= Group status in German state parliaments =

The following list provides an overview of the minimum requirements that must be met in each federal state of Germany for an association of members of the corresponding state parliament to receive the status of either a recognized parliamentary group (Fraktion) or a lesser group (Gruppe).

== List ==

| State Parliament | Minimum requirements |
|---|---|
| Baden-Württemberg | 6 MPs from one party. |
| Bavaria | Members of a party that obtained at least 5 percent of the total number of votes and at least five seats in the previous state election. |
| Berlin | As many MPs from a party or MPs nominated by a party as candidates for election that they correspond to at least 5 percent of the minimum number of members in the House of Representatives (subject to the approval of the House of Representatives, also MPs who do not belong to the same party or are nominated by the same party as candidates have been nominated). It is possible for fewer MPs to form a group. |
| Brandenburg | 5 MPs from a party, political association or list association or MPs who have been nominated as candidates for election by a party/political association/list association.

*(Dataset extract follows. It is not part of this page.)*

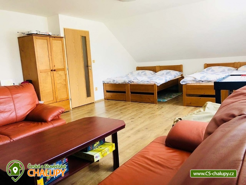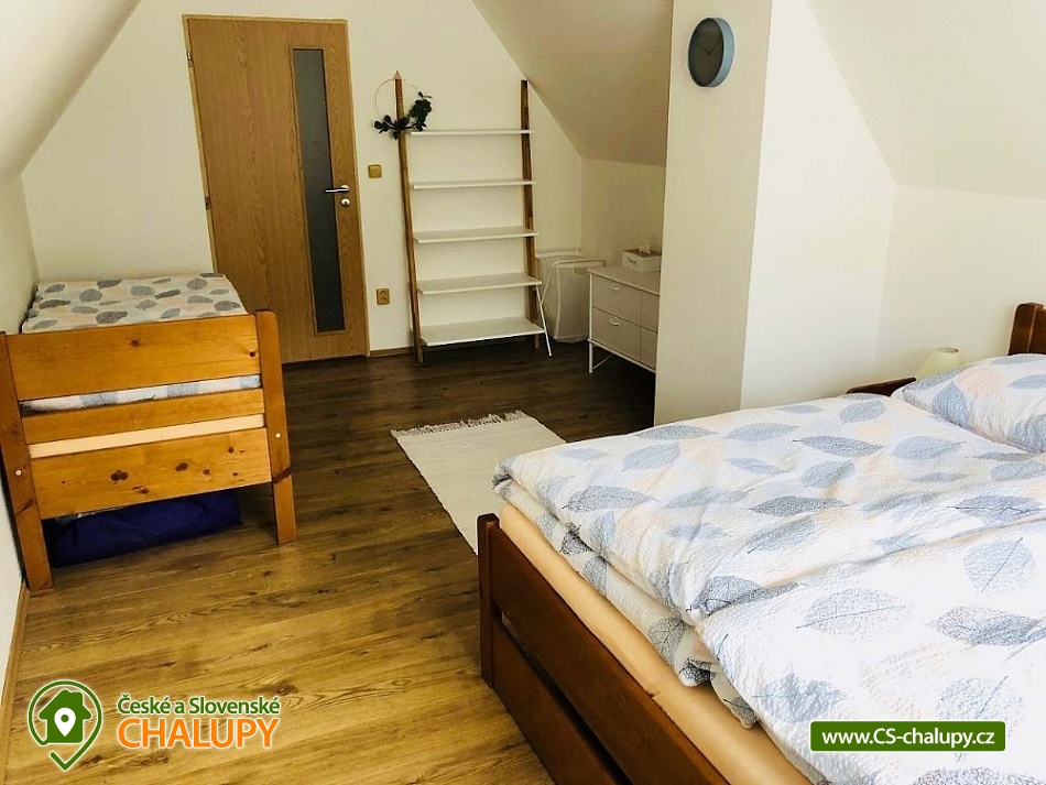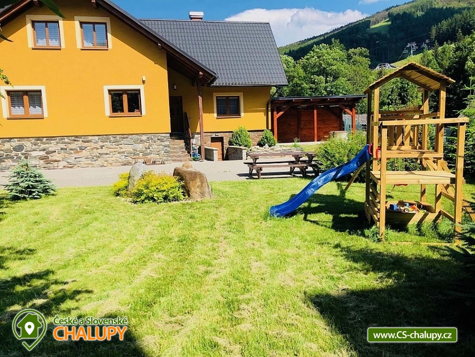 Chalupa Medvědí hora nedaleko nádrže Dlouhé stráně - Jeseníky. Ubytujte se s celou rodinou nebo přáteli v nově zrekonstruované chalupě v Koutech nad Desnou. K pronájmu je celý objekt s oplocenou zahradou a ubytováním až pro 16 osob. V chalupě se nachází: 5 samostatných neprůchozích pokojů z toho jeden velký pokoj určený především pro děti jako herna. Velká nadstandardně vybavená kuchyně včetně myčky, barový stůl, velký obývací pokoj spojený s jídelnou a velkým stolem. Vytápěná uzamykatelná kolárna/lyžárna s vyhříváním na lyžařské boty, prostor pro uskladnění potravin a velká lednice. Venkovní prostorná pergola s velkým grilem, ohniště a spousty her nejen pro děti včetně skluzavky a houpaček. K dispozici je plně vybavená kuchyně, lednice s mrazákem, myčka nádobí, trouba na pečení, mikrovlnná trouba, indukční varná deska, tlakový hrnec, toustovač, topinkovač, pákový pressovač, plastové nádobí pro děti, ponorný mixér apod. V chalupě KOUTY 43 se nachází dvě samostatné toalety a dvě koupelny. Koupelna v přízemí má vanu, a sprchový kout. Koupelna v prvním patře má sprchový kout, pračku a sušičku. Ústřední vytápění celého objektu i lyžárny. Pohodlné soukromé parkování přímo v oploceném objektu. Parkoviště pro 4 - 5 aut. Užijte si krásu přírody a zároveň nepřeberné množství letních i zimních aktivit, které Vám nabízí moderní areál KOUTY. Přijeďte si naplno užít sportovní i volnočasové aktivity, které jsou z naší chalupy doslova na dosah! V zimě či létě - s dětmi, rodinou, nebo partou přátel. Bavit se zde budete za každého počasí. Nejsme “na samotě u lesa”. Jsme v centru všeho dění. V Koutech je stále co dělat a proto si na zábavu nebo sport přijde opravdu každý. V okolí se nachází půjčovna a servis kol a lyží, nový Balanc park a trampolínová věž, několik sjezdovek (večerní lyžování), Černohorské Sedlo, Kareš, běžkařské dráhy, bobové dráhy, dětská lyžařská škola, bowling, Bike park, sjezd na koloběžkách, Dlouhé stráně, Koutecký les, Naučná stezka, Rozhledna na Medvědí hoře, Discgolf, Termály Velké Losiny, ruční papírna a mnohem více.

A parliamentary group can also consist of 4 MPs if their party/political association/list association achieved a total second vote share of at least five percent in the previous state election. (A different composition is also possible subject to the approval of the Landtag) It is possible for at least 3 MPs to form a group. |
| Bremen | 5 MPs from a party or MPs nominated by a party as candidates for election. (A different composition is also possible subject to the approval of the parliament) The merger of at least 3 MPs into a group is possible. |
| Hamburg | So many deputies that they correspond to at least 5 percent of the minimum number of members of the citizenship. Fewer MPs can form a group if the MPs have at least one seat on a committee. |
| Hesse | 5 MPs are needed to form a group. |
| Lower Saxony | Members of a party who, in the previous state election, achieved the proportion of the total number of votes required by the state elections law. (5 percent). |
| Mecklenburg-Vorpommern | 4 MPs are needed to form a group. |
| North Rhine-Westphalia | The group must have obtained at least 5 percent of the members of the state parliament. (Exceptions can be decided by the state parliament.) |
| Rhineland-Palatinate | Members of a party that was elected to the state parliament in the previous election (5 percent of the second votes, ie proportional representation votes, are required for this). |
| Saarland | 2 MPs are needed to form a group. |
| Saxony | 7 MPs from a party or MPs who were elected to the state parliament on the basis of party nominations. (The deputies of a party or the deputies who were elected to the Landtag on the basis of a party's nominations may not form several factions.) |
| Saxony-Anhalt | 5 MPs from a party or list association or MPs who have been nominated by a party/list association as candidates for election, whereby the party/list association must have achieved the required share of the total number of votes according to the state election law in the previous state election (5 percent). (A different composition is also possible with the approval of the Landtag.) |
| Schleswig-Holstein | The party must have obtained at least 4 members in the state parliament. (Subject to the approval of the Landtag, members of parliament who do not belong to the same party can also join forces.) However the member(s) of the South Schleswig Voters' Association representing the Danish minority are entitled to the rights of a parliamentary group. |
| Thuringia | The party or list must have obtained at least 5 percent of the minimum number of members in the state parliament. |

== Comparisons with the federal parliament ==
For comparison: In the German Bundestag, a parliamentary group is formed by at least five percent of the members of the Bundestag, with at least three MPs and fewer than five percent of the seats, a group is spoken of. There are currently six parliamentary groups in the Bundestag.